# Help - horse bolting, don't know how to stop it



## porgiie (Aug 29, 2014)

So my horse is 18 years old, had him since he was 13 and he has always had a habit of getting carried away and cantering off on exciting hacks.

On a hack with friends he decided to go backwards, after seeing how far the other horse had gotten in front he bolted into gallop and I was completely unable to control him, we eventually stopped when he reached the horses bottom and had no way to get around. Recently he's done the same thing, normally this problem has been him getting carried away with other horses but this time I took him to an open field by himself, as I asked for canter he entered the transition perfectly and was so calm and collected however when I asked for trot he went faster until he was in a gallop. I was so scared as I couldn't even slow him down a little bit and with every attempt to slow him down he just went faster. 
Eventually, scared for myself as I worried we were going to eventually go on the rode I jumped off. Luckily I landed on some overgrowth and only bruised my finger, I know it could have been a lot worse but I was too frightened to stay on him and after riding for twelve years it was the first time I had ever been so scared. I didn't get straight back on and do it again like I normally do and now as a result, every time we're in a large space and I ask for trot and I can feel him get faster, I panic jut because I'm scared to be in that same situation. I've lost my confidence so badly and have never been so nervous to do anything fast. He's a good horse who is sensible on the road, doesn't spook at anything and is a perfect hack out cob it's just our problems always arise when I ask for a faster pace such as canter, he normally gets carried away when we go out with other horses on fast hacks but on our hacks alone he is _usually_ a lot more sensible.
He has been lame recently so has been out of work and now he's just getting back to being fit and well so I can ride him, I hadn't realised how much confidence I had lost until now and wondered if anyone had any advice perhaps on his bolting and how I could manage this or how I rebuild my confidence in the most effective way?


----------



## MyBoyPuck (Mar 27, 2009)

When you bailed, did your horse immediately stop or keep going?
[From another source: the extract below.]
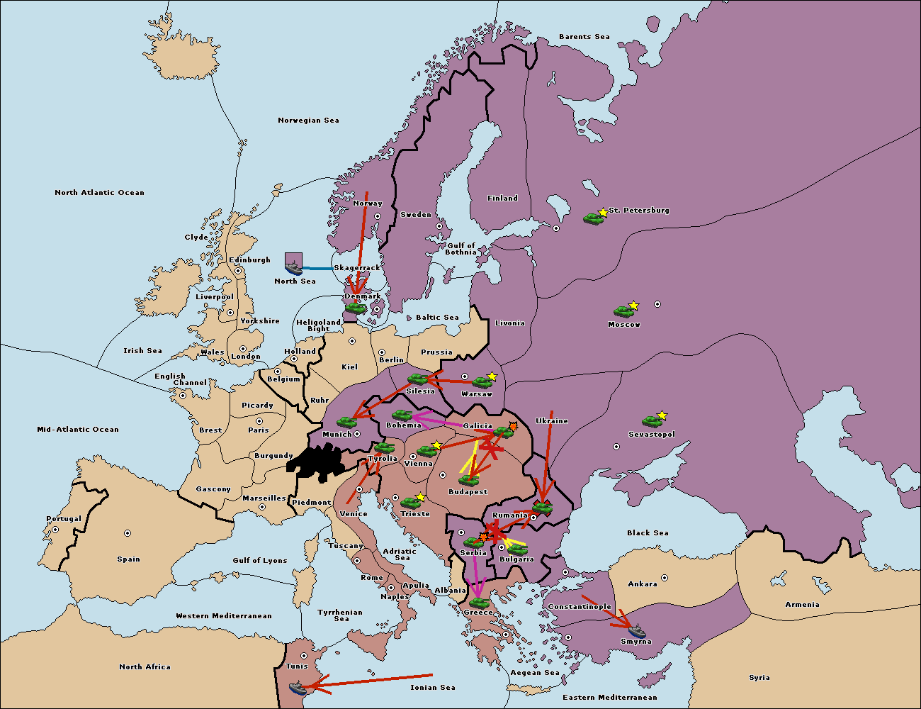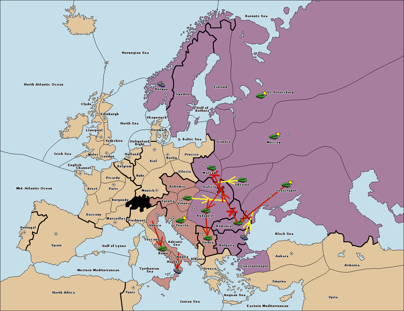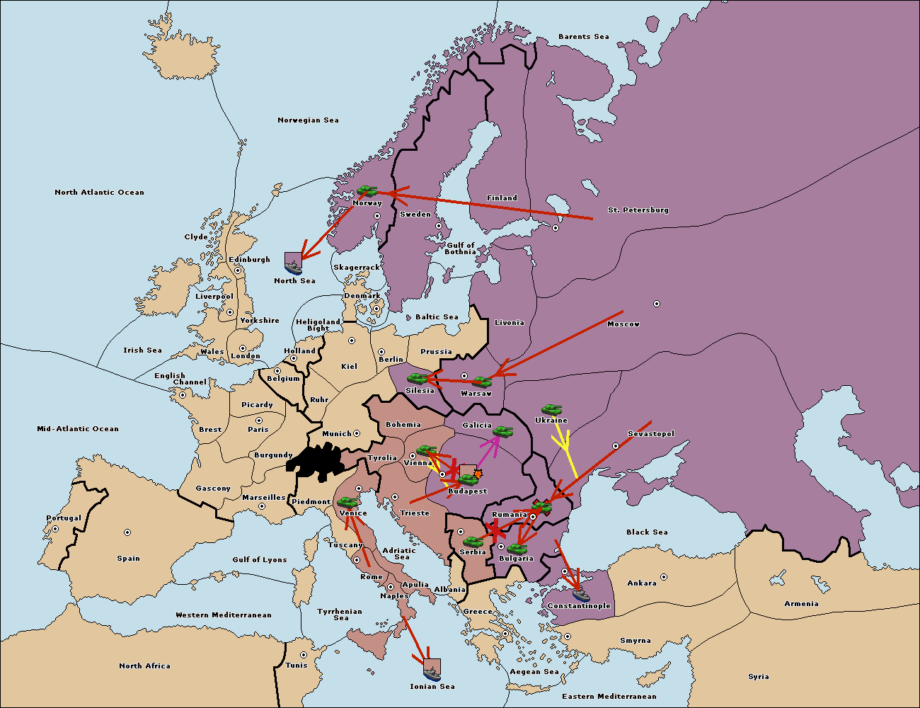 The fleet at Bulgaria (North Coast) move to Constantinople.

If he did the first thing, he was not truly bolting and just being a dope. It's completely fixable. I'll save writing a book until I know which he did.


----------



## porgiie (Aug 29, 2014)

MyBoyPuck said:


> When you bailed, did your horse immediately stop or keep going? If he did the first thing, he was not truly bolting and just being a dope. It's completely fixable. I'll save writing a book until I know which he did.


He did the first. I'm feeling a bit more relieved knowing that!


----------



## MyBoyPuck (Mar 27, 2009)

Yeah, he was just being a goofball. It's fixable. You might have put your lost confidence on the back burner to fix it, but you can do it. I dealt with this same nonsense with my OTTB when he was younger and still do apparently when it's a beautiful 75 degree day. First things first. You need to establish brakes. You won't have to use them much once he knows you have them. What I'm going to suggest is kind of a hybrid version of the one rein stop. It's a very powerful tool since they know darn well you can stop them whenever you want. In the safety of a ring, teach him the one rein stop at W/T/C. Obviously start at the walk. Without using any leg pressure, let one rein go slack and pick up the other one. Smoothly bring it toward your hip until your horse stops moving. If he is just learning it, he will most likely walk around in a few circles until he stops. Do it until he stops the second he feels you pick up the rein. If he's a TB, it won't take long. QH's tend to be a little thicker about it. I don't know about the other breeds. Once he's got it at walk, do it at trot and then canter. By the time you get to canter, he will understand the cue so well, he will stop as soon as he realizes what you are going to do. 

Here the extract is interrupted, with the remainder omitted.